● **EXERCISE GOAL**
Everything in the data below is left aside except the lines from the one containing "When you type, the" through the one containing "- Supports Healthy"; repeat those exactly.

[STORED DATA — start]

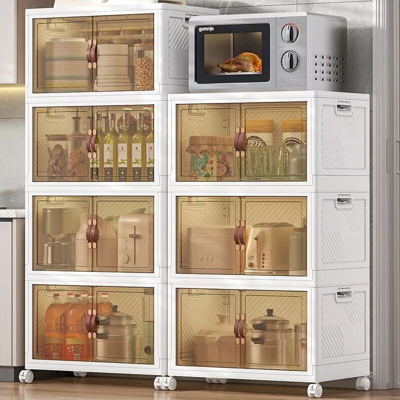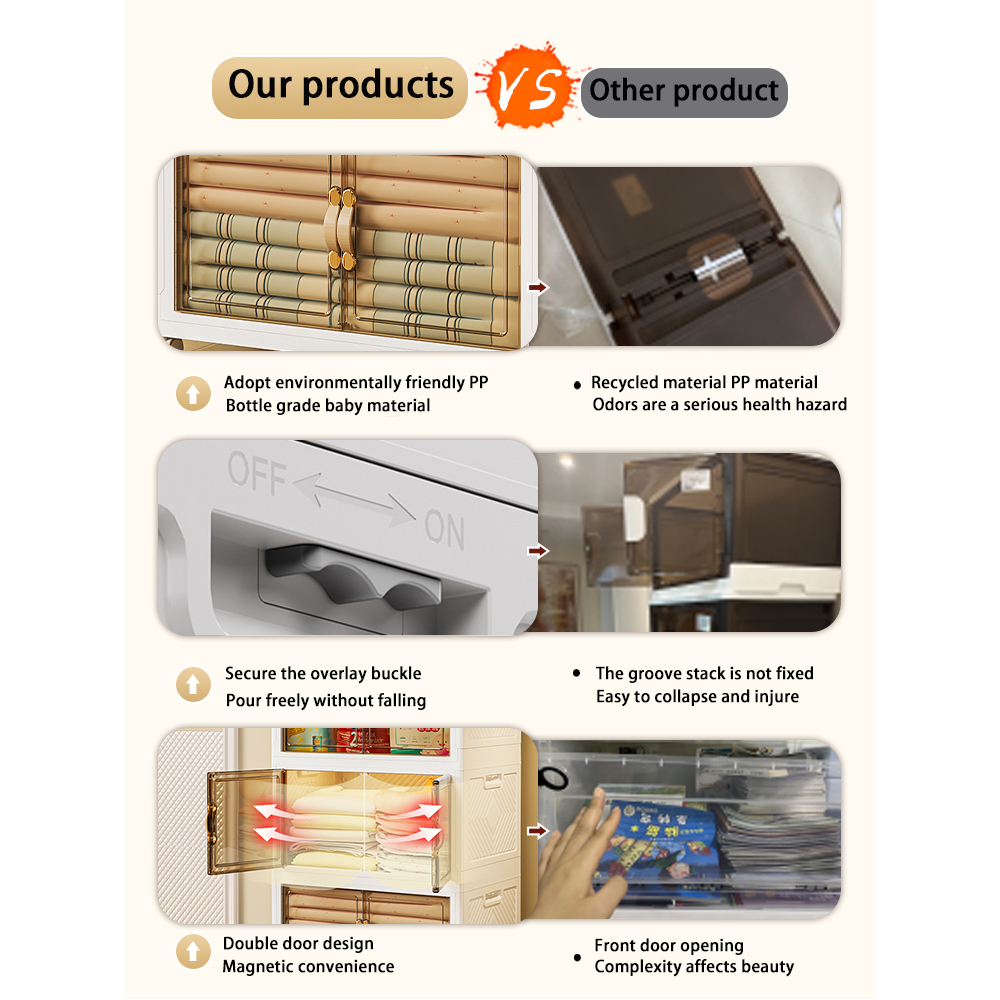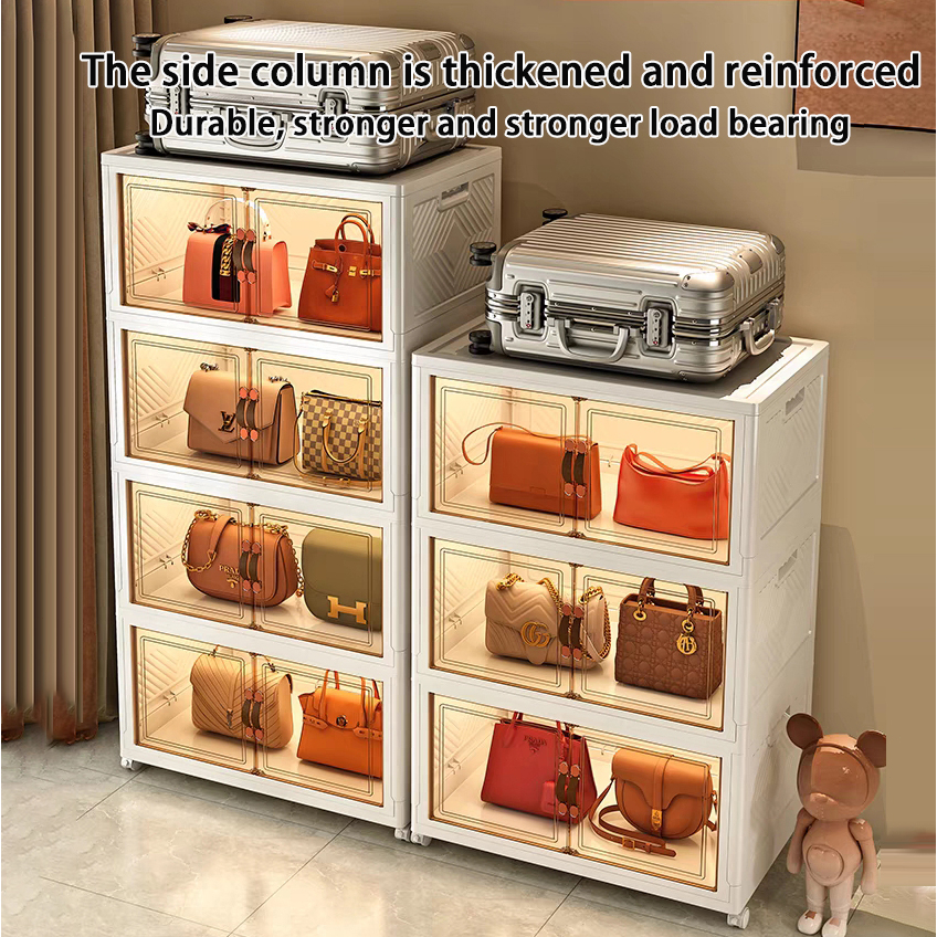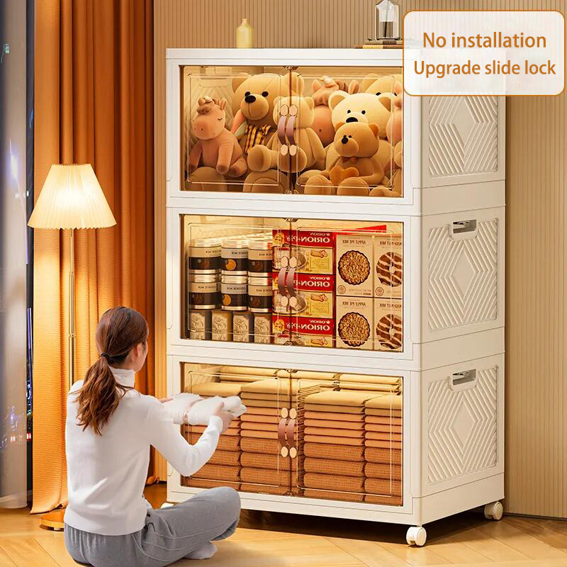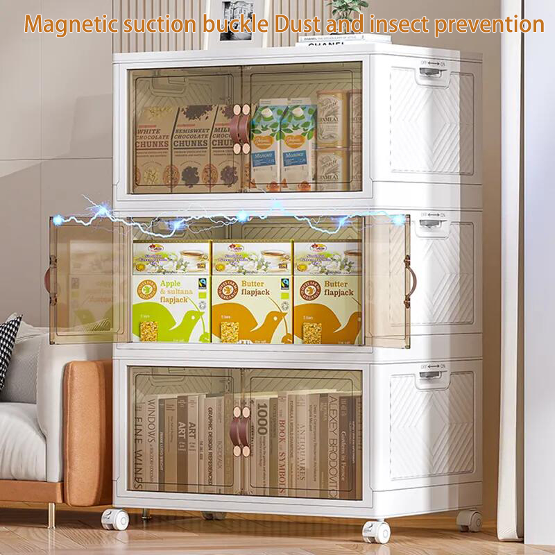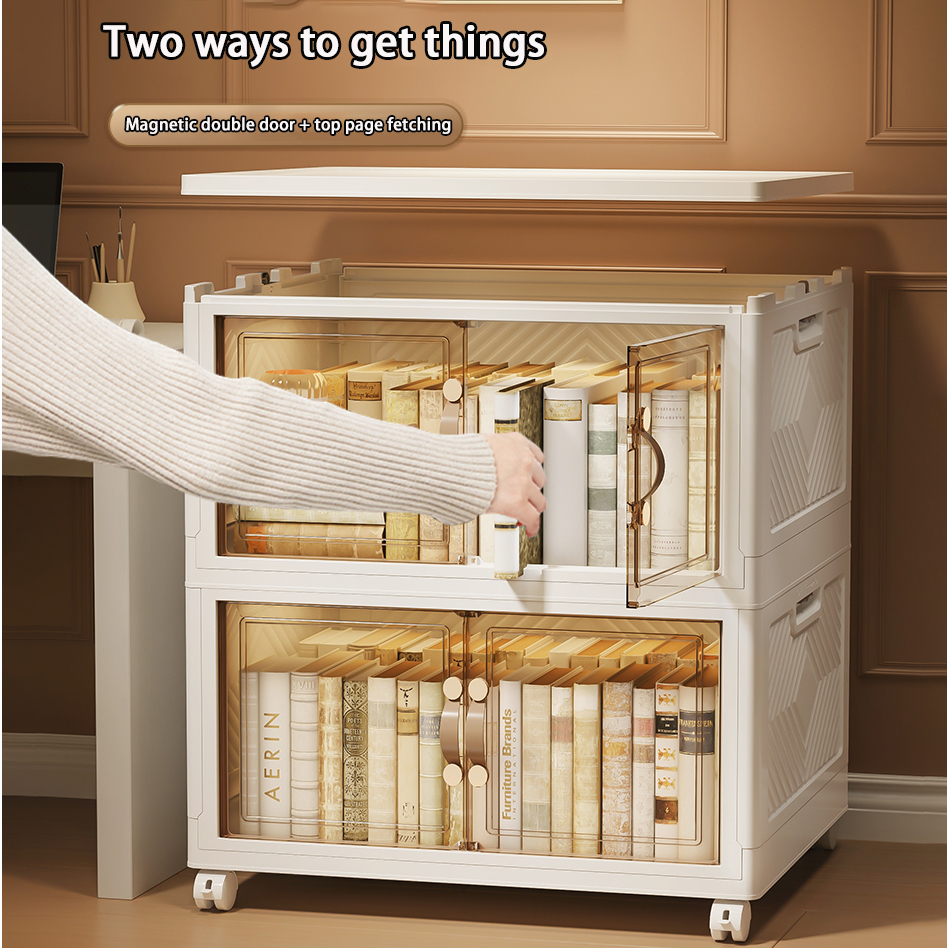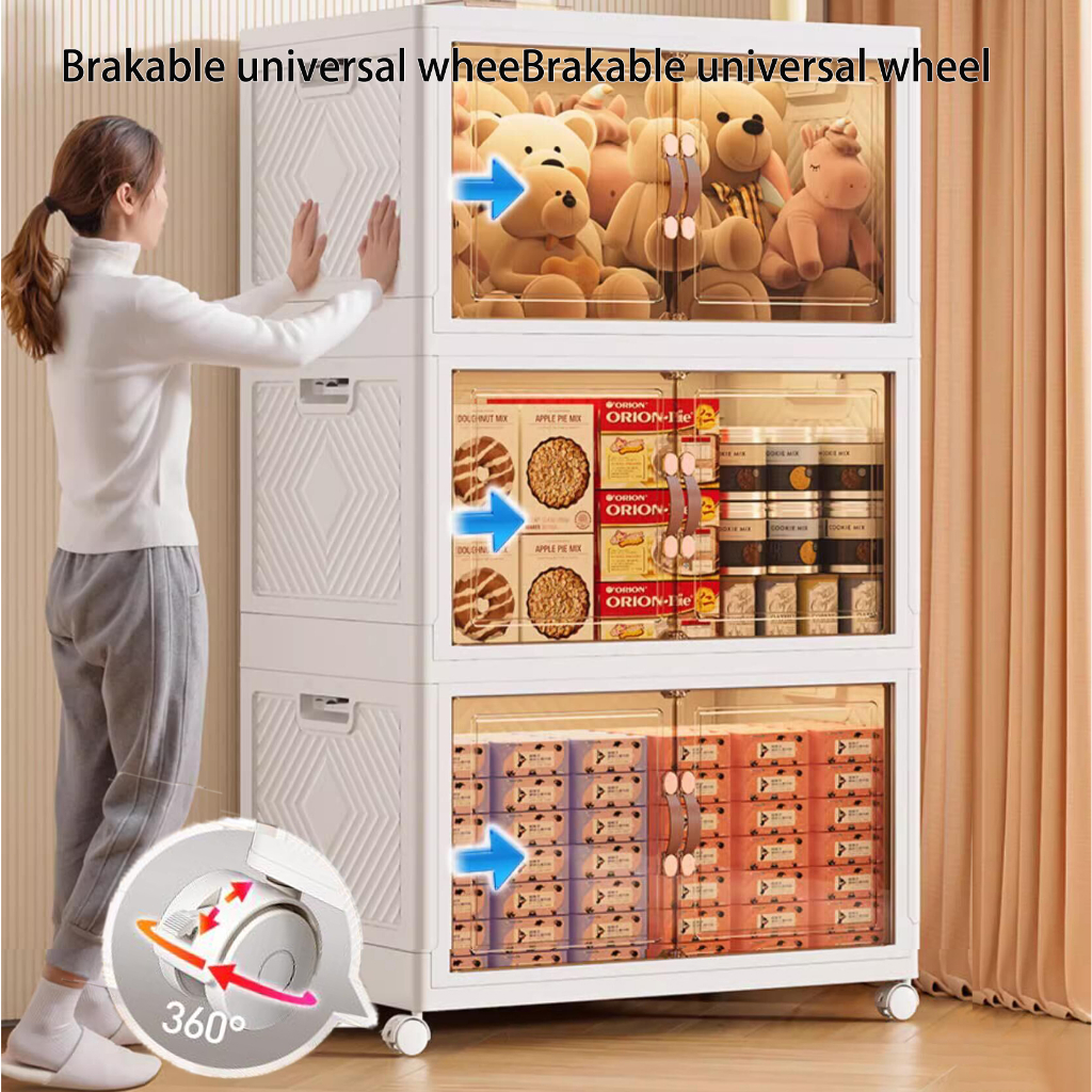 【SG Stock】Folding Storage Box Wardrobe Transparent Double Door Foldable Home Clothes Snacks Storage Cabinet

[STORED DATA — finish]
[STORED DATA — start]

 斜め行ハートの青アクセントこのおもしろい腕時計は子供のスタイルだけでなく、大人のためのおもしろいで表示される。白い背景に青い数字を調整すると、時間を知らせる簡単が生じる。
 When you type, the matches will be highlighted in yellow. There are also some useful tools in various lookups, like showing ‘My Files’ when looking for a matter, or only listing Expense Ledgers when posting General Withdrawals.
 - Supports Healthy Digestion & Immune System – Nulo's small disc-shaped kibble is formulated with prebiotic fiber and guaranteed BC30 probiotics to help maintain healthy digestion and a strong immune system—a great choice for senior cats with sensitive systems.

[STORED DATA — finish]
[STORED DATA — start]

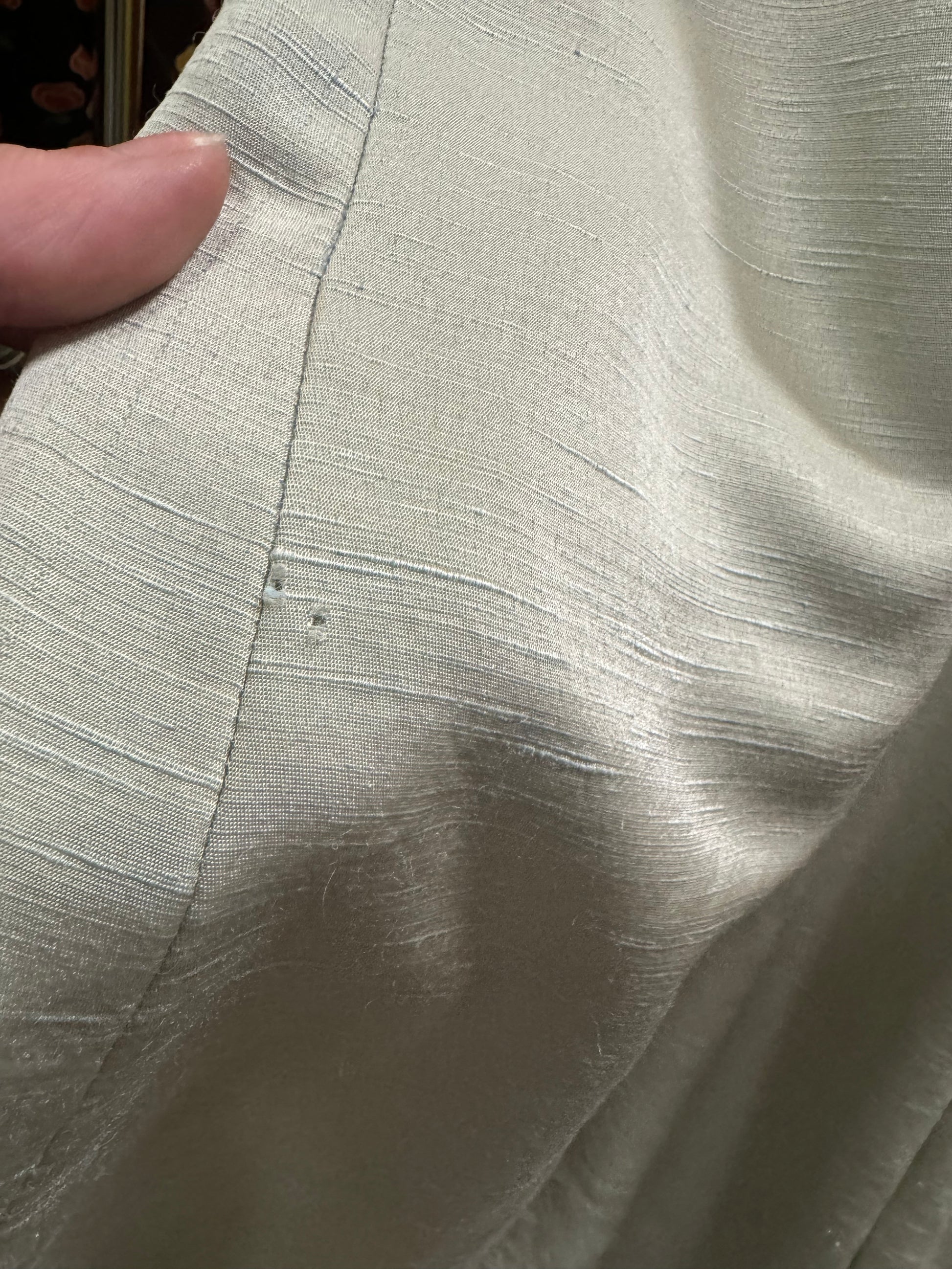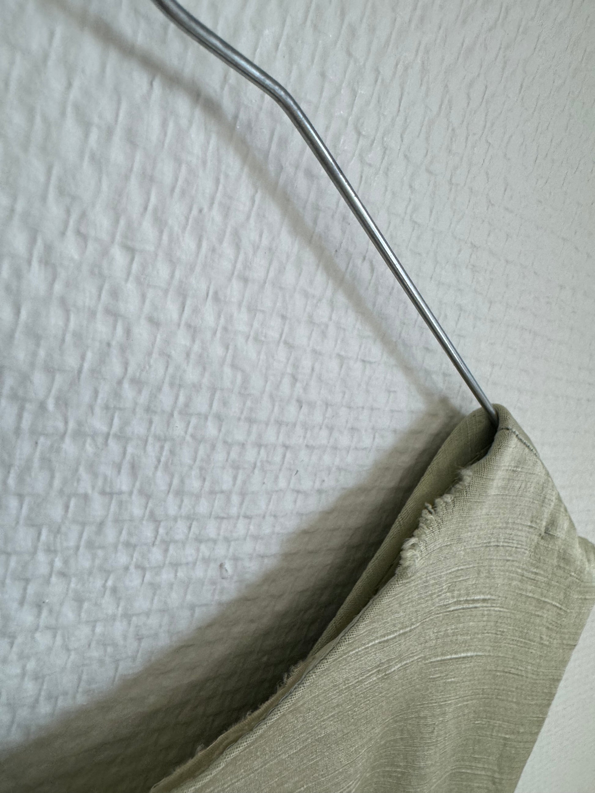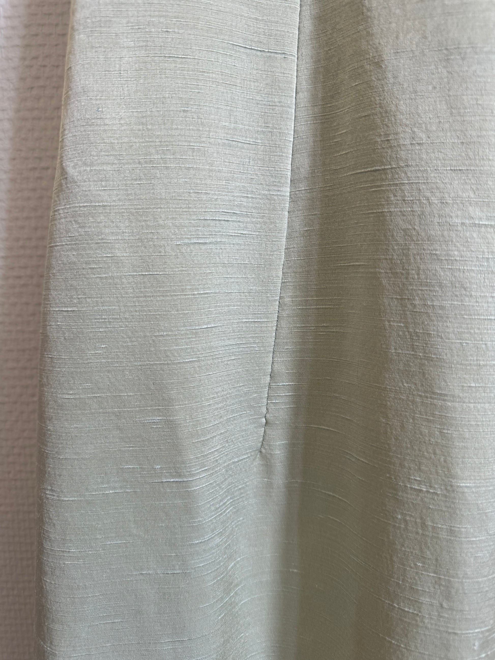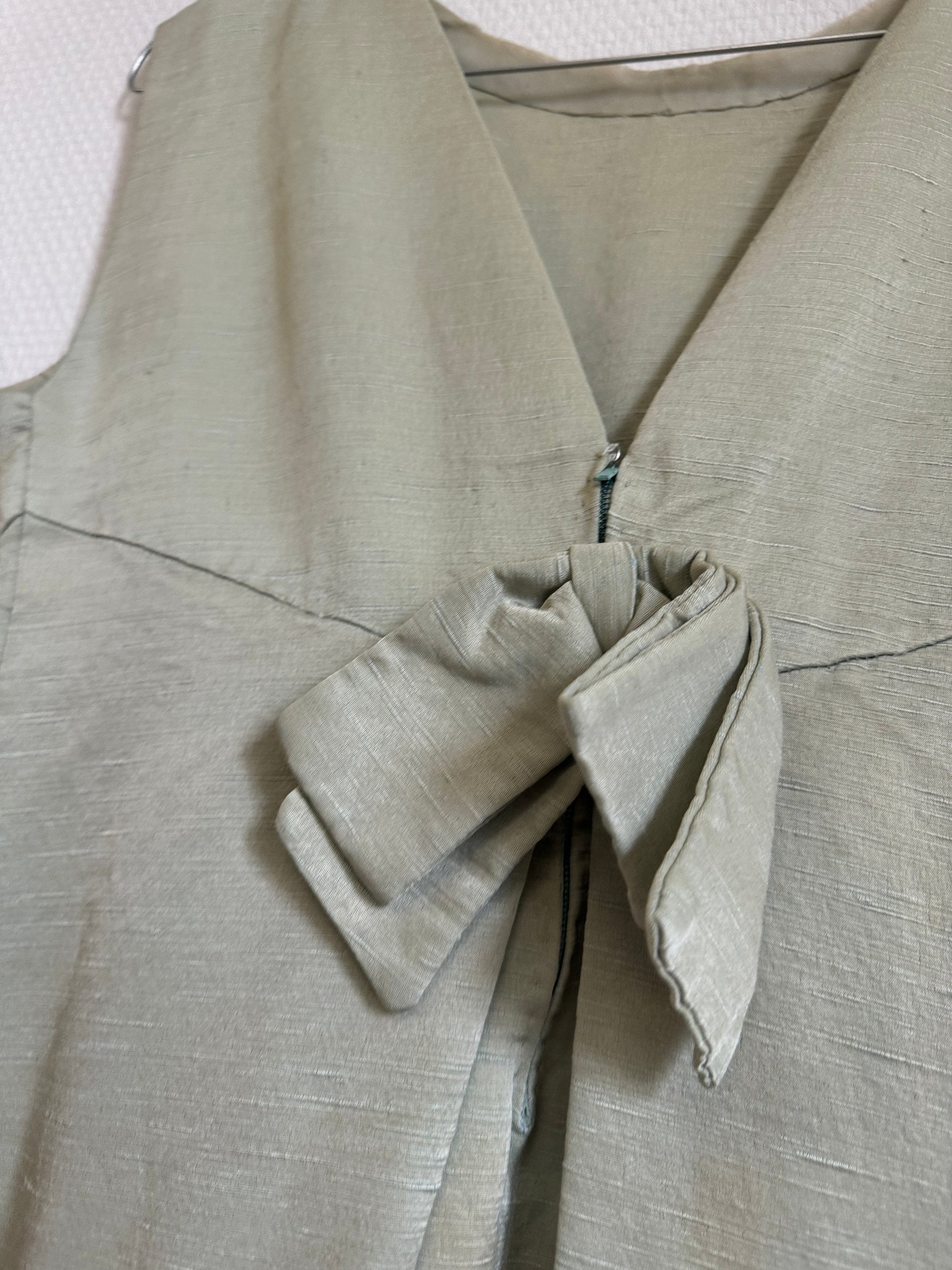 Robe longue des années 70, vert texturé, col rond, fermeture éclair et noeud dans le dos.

[STORED DATA — finish]

● **YOUR SOLUTION**
 When you type, the matches will be highlighted in yellow. There are also some useful tools in various lookups, like showing ‘My Files’ when looking for a matter, or only listing Expense Ledgers when posting General Withdrawals.
 - Supports Healthy Digestion & Immune System – Nulo's small disc-shaped kibble is formulated with prebiotic fiber and guaranteed BC30 probiotics to help maintain healthy digestion and a strong immune system—a great choice for senior cats with sensitive systems.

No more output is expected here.